- [WHAT THE TASK REQUIRES]: Start at the line below containing "ตกแต่งด้วยดอกหญ้าเทียม เรียบง่าย แต่เต็มไปด้วยเสน่ห์" and stop at the line containing "6月29日,安檢人員在北京地". Repeat every line of that stretch exactly, and nothing outside it.

- [DATASET EXCERPTS]:
::::::::

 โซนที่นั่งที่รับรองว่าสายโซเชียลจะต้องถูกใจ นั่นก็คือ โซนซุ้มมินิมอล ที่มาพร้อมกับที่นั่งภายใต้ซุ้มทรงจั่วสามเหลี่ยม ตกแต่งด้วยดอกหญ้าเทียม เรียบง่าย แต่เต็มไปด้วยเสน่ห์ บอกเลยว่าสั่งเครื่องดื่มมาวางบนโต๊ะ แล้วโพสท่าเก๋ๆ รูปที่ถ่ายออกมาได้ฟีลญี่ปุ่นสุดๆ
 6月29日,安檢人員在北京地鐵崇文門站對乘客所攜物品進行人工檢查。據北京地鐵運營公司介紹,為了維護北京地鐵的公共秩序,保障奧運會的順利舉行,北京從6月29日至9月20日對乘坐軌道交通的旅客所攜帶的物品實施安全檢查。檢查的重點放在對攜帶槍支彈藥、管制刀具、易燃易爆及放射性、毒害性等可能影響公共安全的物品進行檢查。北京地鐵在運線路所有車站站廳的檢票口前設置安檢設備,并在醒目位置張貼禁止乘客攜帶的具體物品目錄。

::::::::

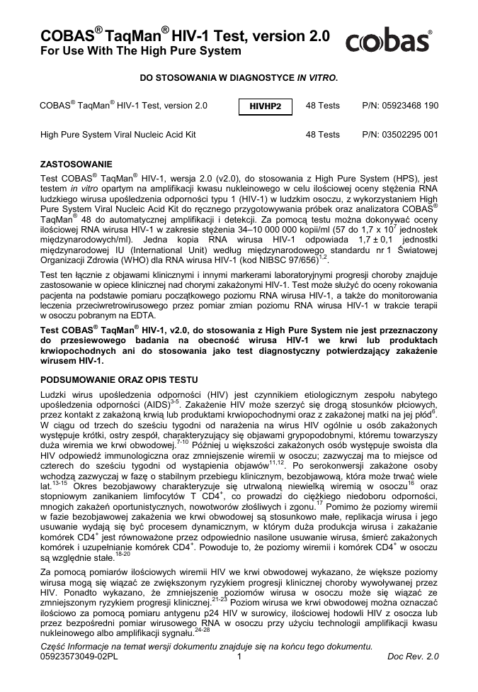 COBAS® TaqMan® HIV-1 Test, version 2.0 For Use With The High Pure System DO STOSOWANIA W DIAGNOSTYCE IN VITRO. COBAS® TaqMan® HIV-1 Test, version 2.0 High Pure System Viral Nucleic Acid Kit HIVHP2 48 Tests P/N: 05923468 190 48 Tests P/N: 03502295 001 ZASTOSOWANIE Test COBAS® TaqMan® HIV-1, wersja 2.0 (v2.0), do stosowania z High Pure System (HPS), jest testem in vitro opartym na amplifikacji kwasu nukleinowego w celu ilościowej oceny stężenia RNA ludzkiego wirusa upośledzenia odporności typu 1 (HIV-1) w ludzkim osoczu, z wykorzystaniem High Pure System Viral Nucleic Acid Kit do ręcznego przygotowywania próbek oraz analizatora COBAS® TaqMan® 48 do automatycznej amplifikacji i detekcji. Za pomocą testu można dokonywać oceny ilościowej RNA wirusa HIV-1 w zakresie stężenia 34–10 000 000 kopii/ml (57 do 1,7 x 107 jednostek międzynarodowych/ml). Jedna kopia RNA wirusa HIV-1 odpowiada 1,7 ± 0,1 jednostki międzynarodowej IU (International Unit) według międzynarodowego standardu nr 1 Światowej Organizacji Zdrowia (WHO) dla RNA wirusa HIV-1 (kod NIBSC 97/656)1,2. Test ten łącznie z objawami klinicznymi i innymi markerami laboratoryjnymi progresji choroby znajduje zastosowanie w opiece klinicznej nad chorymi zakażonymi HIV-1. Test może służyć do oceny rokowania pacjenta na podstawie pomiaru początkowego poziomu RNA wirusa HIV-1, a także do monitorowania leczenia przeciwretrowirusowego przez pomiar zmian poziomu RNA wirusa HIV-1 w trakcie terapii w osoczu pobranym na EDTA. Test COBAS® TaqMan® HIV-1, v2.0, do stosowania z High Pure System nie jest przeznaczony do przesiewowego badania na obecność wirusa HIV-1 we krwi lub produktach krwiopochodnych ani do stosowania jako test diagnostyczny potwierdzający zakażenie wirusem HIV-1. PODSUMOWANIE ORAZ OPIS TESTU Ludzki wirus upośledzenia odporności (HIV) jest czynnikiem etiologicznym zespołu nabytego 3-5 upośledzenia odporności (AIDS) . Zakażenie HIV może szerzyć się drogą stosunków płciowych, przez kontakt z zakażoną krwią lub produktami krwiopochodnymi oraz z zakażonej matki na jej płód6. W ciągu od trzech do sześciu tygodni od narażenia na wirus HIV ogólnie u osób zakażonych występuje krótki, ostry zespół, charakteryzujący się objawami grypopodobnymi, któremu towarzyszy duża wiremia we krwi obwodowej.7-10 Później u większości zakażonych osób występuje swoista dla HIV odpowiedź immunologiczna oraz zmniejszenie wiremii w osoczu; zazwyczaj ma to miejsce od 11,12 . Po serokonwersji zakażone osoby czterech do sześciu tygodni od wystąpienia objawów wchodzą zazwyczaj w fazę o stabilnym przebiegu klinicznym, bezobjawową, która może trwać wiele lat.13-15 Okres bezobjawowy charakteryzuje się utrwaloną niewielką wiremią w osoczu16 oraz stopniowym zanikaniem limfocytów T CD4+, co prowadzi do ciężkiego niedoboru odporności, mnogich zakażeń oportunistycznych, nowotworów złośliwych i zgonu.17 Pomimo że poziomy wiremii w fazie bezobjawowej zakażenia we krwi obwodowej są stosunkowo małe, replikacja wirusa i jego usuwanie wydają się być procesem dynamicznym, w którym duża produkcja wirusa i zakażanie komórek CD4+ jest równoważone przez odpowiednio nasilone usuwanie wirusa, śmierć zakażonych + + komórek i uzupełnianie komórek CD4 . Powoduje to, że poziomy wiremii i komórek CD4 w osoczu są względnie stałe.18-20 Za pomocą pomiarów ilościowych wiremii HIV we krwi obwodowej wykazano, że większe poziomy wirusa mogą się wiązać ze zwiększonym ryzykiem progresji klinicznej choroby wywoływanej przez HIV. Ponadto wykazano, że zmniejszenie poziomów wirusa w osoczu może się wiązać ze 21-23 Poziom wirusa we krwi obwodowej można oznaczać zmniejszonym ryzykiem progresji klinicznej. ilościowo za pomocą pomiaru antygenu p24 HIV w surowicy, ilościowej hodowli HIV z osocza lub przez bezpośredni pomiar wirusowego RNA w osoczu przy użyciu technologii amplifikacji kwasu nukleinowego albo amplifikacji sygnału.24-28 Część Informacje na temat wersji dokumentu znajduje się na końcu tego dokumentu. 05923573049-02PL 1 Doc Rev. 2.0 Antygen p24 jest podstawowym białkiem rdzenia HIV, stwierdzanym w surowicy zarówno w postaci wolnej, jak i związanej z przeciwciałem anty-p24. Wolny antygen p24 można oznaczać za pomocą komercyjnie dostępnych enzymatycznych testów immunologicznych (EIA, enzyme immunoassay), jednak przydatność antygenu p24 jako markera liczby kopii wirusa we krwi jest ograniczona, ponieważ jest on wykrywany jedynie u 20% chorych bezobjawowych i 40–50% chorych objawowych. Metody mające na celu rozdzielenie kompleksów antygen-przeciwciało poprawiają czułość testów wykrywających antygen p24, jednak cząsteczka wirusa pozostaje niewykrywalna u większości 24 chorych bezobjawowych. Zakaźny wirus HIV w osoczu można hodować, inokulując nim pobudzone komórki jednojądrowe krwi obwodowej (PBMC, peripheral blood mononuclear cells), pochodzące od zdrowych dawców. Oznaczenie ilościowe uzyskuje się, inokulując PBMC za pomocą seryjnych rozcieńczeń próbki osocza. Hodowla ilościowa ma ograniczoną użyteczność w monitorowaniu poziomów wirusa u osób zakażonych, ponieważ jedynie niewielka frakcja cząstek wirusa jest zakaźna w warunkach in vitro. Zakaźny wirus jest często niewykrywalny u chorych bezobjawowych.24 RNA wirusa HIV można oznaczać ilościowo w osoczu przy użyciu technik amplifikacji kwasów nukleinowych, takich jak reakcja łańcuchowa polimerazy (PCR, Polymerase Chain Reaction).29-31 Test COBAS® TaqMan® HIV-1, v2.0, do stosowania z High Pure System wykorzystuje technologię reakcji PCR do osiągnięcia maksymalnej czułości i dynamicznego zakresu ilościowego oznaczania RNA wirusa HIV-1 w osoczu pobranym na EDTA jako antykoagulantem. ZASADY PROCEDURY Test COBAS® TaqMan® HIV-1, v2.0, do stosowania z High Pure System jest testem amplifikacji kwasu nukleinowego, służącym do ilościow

::::::::

- [ANSWER SECTION]:
 โซนที่นั่งที่รับรองว่าสายโซเชียลจะต้องถูกใจ นั่นก็คือ โซนซุ้มมินิมอล ที่มาพร้อมกับที่นั่งภายใต้ซุ้มทรงจั่วสามเหลี่ยม ตกแต่งด้วยดอกหญ้าเทียม เรียบง่าย แต่เต็มไปด้วยเสน่ห์ บอกเลยว่าสั่งเครื่องดื่มมาวางบนโต๊ะ แล้วโพสท่าเก๋ๆ รูปที่ถ่ายออกมาได้ฟีลญี่ปุ่นสุดๆ
 6月29日,安檢人員在北京地鐵崇文門站對乘客所攜物品進行人工檢查。據北京地鐵運營公司介紹,為了維護北京地鐵的公共秩序,保障奧運會的順利舉行,北京從6月29日至9月20日對乘坐軌道交通的旅客所攜帶的物品實施安全檢查。檢查的重點放在對攜帶槍支彈藥、管制刀具、易燃易爆及放射性、毒害性等可能影響公共安全的物品進行檢查。北京地鐵在運線路所有車站站廳的檢票口前設置安檢設備,并在醒目位置張貼禁止乘客攜帶的具體物品目錄。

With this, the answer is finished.